Negative instructions
"Don't use jargon" is processed less reliably than "use plain language that a smart non-expert would understand." Tell the model what to do, not what to avoid.
Context starvation
Brilliant instructions with no context. "Write the perfect follow-up email" without including the original email, the relationship context, or the desired outcome.
Day 5 · March 28
Skills & Recipes
A skill is a reusable unit of intelligence. It packages domain knowledge, decision logic, and workflow steps into something an agent can execute reliably. Skills are how intelligence becomes tangible — how "make good decisions" turns into "handle this specific kind of work, well, every time."
You do something manually — process a batch of applicants, prep for a recurring meeting, triage an inbox. The agent watches. After seeing you do it two or three times, it recognizes the pattern and offers to automate it.
The first time cost you 20 minutes. Every subsequent time costs you 10 seconds of review. That's the value proposition: intelligence that learns from your behavior and packages it for reuse.

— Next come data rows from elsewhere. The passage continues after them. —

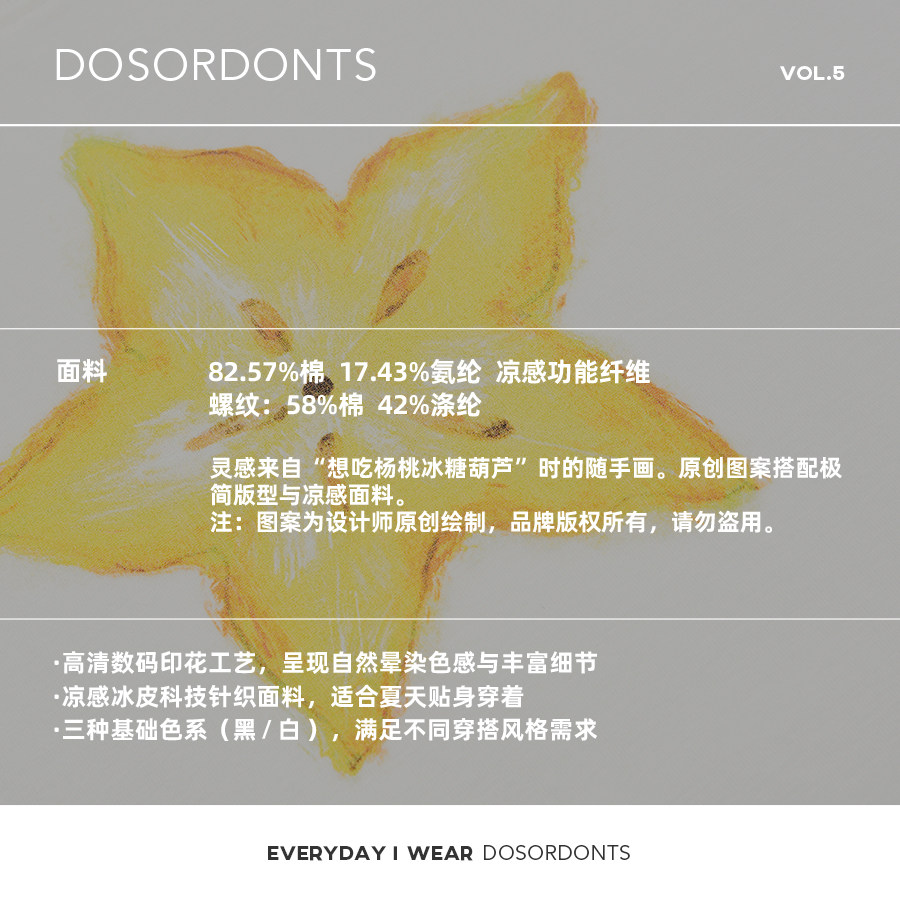 DOSORDONTS 2025秋季新款简约设计杨桃手绘康丽机数码印花短袖T恤
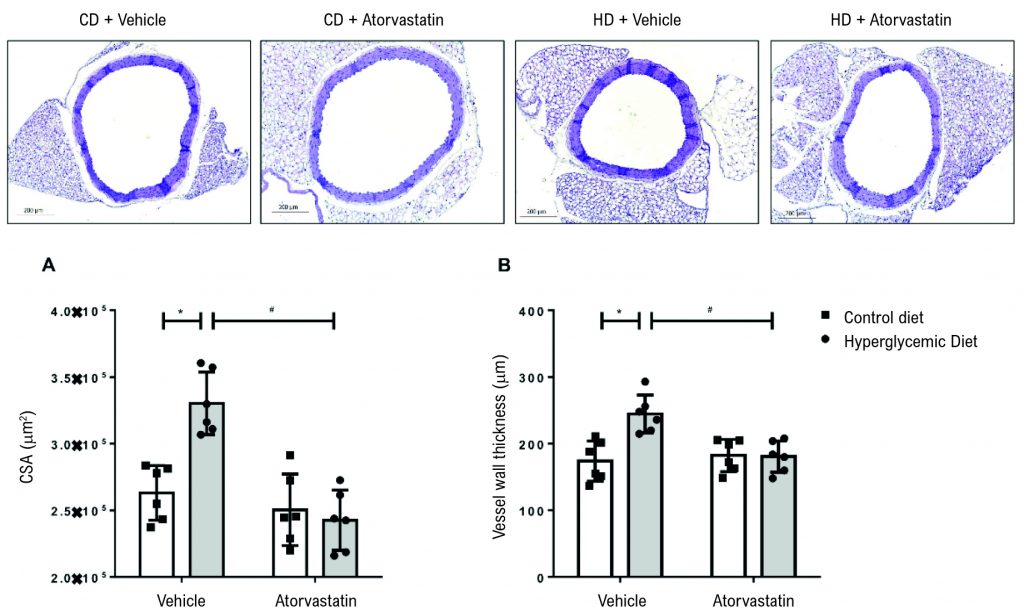 Swiss mice received a control diet or a hyperglicemic diet for 18 weeks. After 14 weeks of diet, mice were treated with vehicle or atorvastatin (20mg/kg) during for 4 weeks. Nutritional and metabolic profiles were assessed by biochemical tests; moreover, a histological assessment of aorta structure was conducted, and cytokine levels were determined by the immunoenzyme assay. The acceptable level of significance for the results was set at p<0.05.
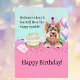 This delightful Australian Terrier has hopped up onto the birthday party table, joining the fun next to balloons, a cookie dough vanilla cake, and cups of soda.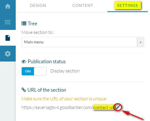 Acesse a aba Configurações da sua seção, depois clique na pequena caneta para que possa editar o slug da URL da sua seção.

Do something twice, teach it once, never do it again.
1. Discover
Every skill starts as a repeated action. Discovery is about recognizing that a human is doing something an agent could learn.
2. Package
Turn the pattern into a skill: define the trigger, the inputs, the steps, the decision points, the output format. Capture not just what someone does but why.
3. Ship
Skills need to be discoverable — surfaced at the right moment, described clearly, easy to activate. The best skill is one the user doesn't know exists until it appears exactly when they need it.
4. Iterate
Every execution is feedback. Skills should get better over time — not just from explicit improvement but from implicit learning through use.
Day 6 · March 31
Evals & Measurement
Without measurement, every prompt change is a coin flip. Evals are the difference between engineering and guessing. They turn intelligence work from an art into a science — or at least a craft with feedback loops.
Decision Quality
Given the context and the task, did the agent make the decision a competent human would make? Build golden sets: curated examples where you know what the right answer is, and score against them.
Task Completion
Binary but important. Did the email get drafted? Did the meeting get scheduled? Track completion rate and identify where tasks stall.
Faithfulness
Did it use the information provided or hallucinate? Did it follow the constraints or ignore them? Faithfulness to context is the most measurable aspect of intelligence.
User Trust Signals
The ultimate eval: did the user send the draft as-is, edit it heavily, or throw it away? Every user interaction is an implicit evaluation.
Calibration
When the agent says "I'm confident," is it right? Calibration — the alignment between stated confidence and actual accuracy — is one of the most underrated metrics.
Curated input/output pairs where you've defined what "good" looks like. Start small — 20-30 cases. Expand as you discover edge cases. Every bug report is a potential golden set entry.
Before you change anything, run the suite. After, run it again. Did the thing you fixed actually improve? Did anything else break? Table stakes in software engineering. Should be table stakes in intelligence work.
Same input, two different prompts. Which scores higher against your golden set? Which gets more user accepts? Controlled comparison beats gut feeling.
Record the full reasoning path. When something goes wrong, the trace tells you why. Without traces, debugging intelligence is archaeology.
User corrections are the highest-signal eval data. The diff between original and edited version tells you exactly where the agent got it wrong. Collect these systematically.
The measure of intelligence isn't what the system prompt says. It's whether the user trusted the output enough to act on it.
The measure of intelligence isn't the complexity of the system prompt. It's the quality of the decisions that come out the other end. Every prompt change, every workflow tweak, every new heuristic gets tested against one question: did the agent make a better decision?